For your purpose, you might look at the tstat= command in stead. That version does not rely on state inside jive5ab to return relative values; it always returns the current values of the unix time stamp and defined byte counters. This allows client code to do the state analysis ("what is jive5ab doing right now") and a differentiation of time/byte counters to estimate the current data rate.

varenius commented 4 years ago

I see. Now I understand that part of the documentation, thanks!
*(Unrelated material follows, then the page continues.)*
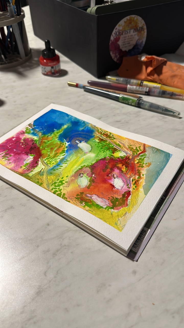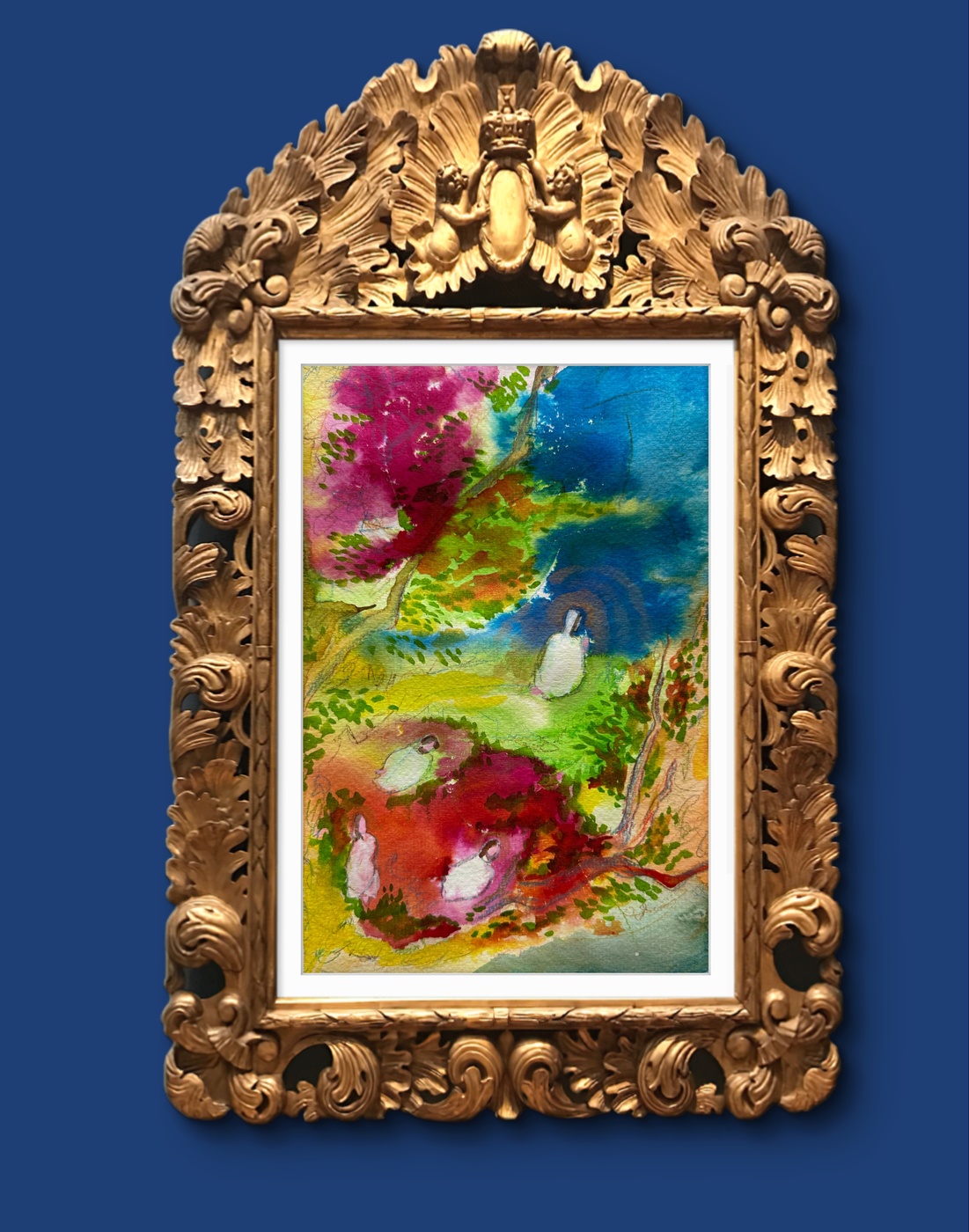 Así, la acuarela no solo captura un momento bíblico, sino que nos invita a contemplar la belleza de la vulnerabilidad humana y la infinita compasión divina. En la quietud del jardín, se nos recuerda que, aun en nuestros momentos de mayor debilidad, somos sostenidos por el amor y la gracia de Dios.

Forgive my stupidity here, but trying to do the monitor-calculation using tstat= (as suggested in the documentation) it seems I am still missing something. To compare, I run both tstat= and tstat? as

202028616:46:12 2020-10-12 14:46:12.94: Processing command 'tstat='
202028616:46:12 2020-10-12 14:46:12.94: Reply: !tstat=  0 : 1602513972.941 : vbsrecord : UdpsNorRead : 1031700096 : FIFOLength : 0;
202028616:46:12 2020-10-12 14:46:12.94: Processing command 'tstat?'
202028616:46:12 2020-10-12 14:46:12.94: Reply: !tstat?  0 : 79.48s : vbsrecord : UdpsNorRead -207.628Mbps : F 0.0% ;
202028616:46:14 2020-10-12 14:46:14.94: Processing command 'tstat='
202028616:46:14 2020-10-12 14:46:14.94: Reply: !tstat=  0 : 1602513974.945 : vbsrecord : UdpsNorRead : 3094375872 : FIFOLength : 0;
202028616:46:14 2020-10-12 14:46:14.94: Processing command 'tstat?'
202028616:46:14 2020-10-12 14:46:14.94: Reply: !tstat?  0 :  2.00s : vbsrecord : UdpsNorRead 8.23161Gbps : F 0.0% ;

The "tstat?" result is 8.2Gbps, as it should be. But trying to use tstat= I put the numbers together as

bytediff = 3094375872-1031700096
timediff = 1602513974.945-1602513972.941
rate = 8*bytediff / (timediff * 1024**3) = 7.67 Gbps

I would expect these numbers to agree, i.e. 8 Gbps both ways. Any idea what I am missing? (It is monday afternoon after all...)

haavee commented 4 years ago
>>> bytediff = 3094375872-1031700096
>>> timediff = 1602513974.945-1602513972.941
>>> rate = 8*bytediff / timediff 
>>> rate
8234234846.332349
>>> rate / 1000**3
8.234234846332349
>>> 

It would seem that the Gbps should really be Gibps; jive5ab may actually predate the common use of "gibibytes and bits" vs "gigabytes and bits". The use of Gbps is misleading here. You could submit an issue report to have this fixed ... ;-)

varenius commented 4 years ago

Aha!

Allright - might as well :). I have now created #7 so I'm closing this ticket.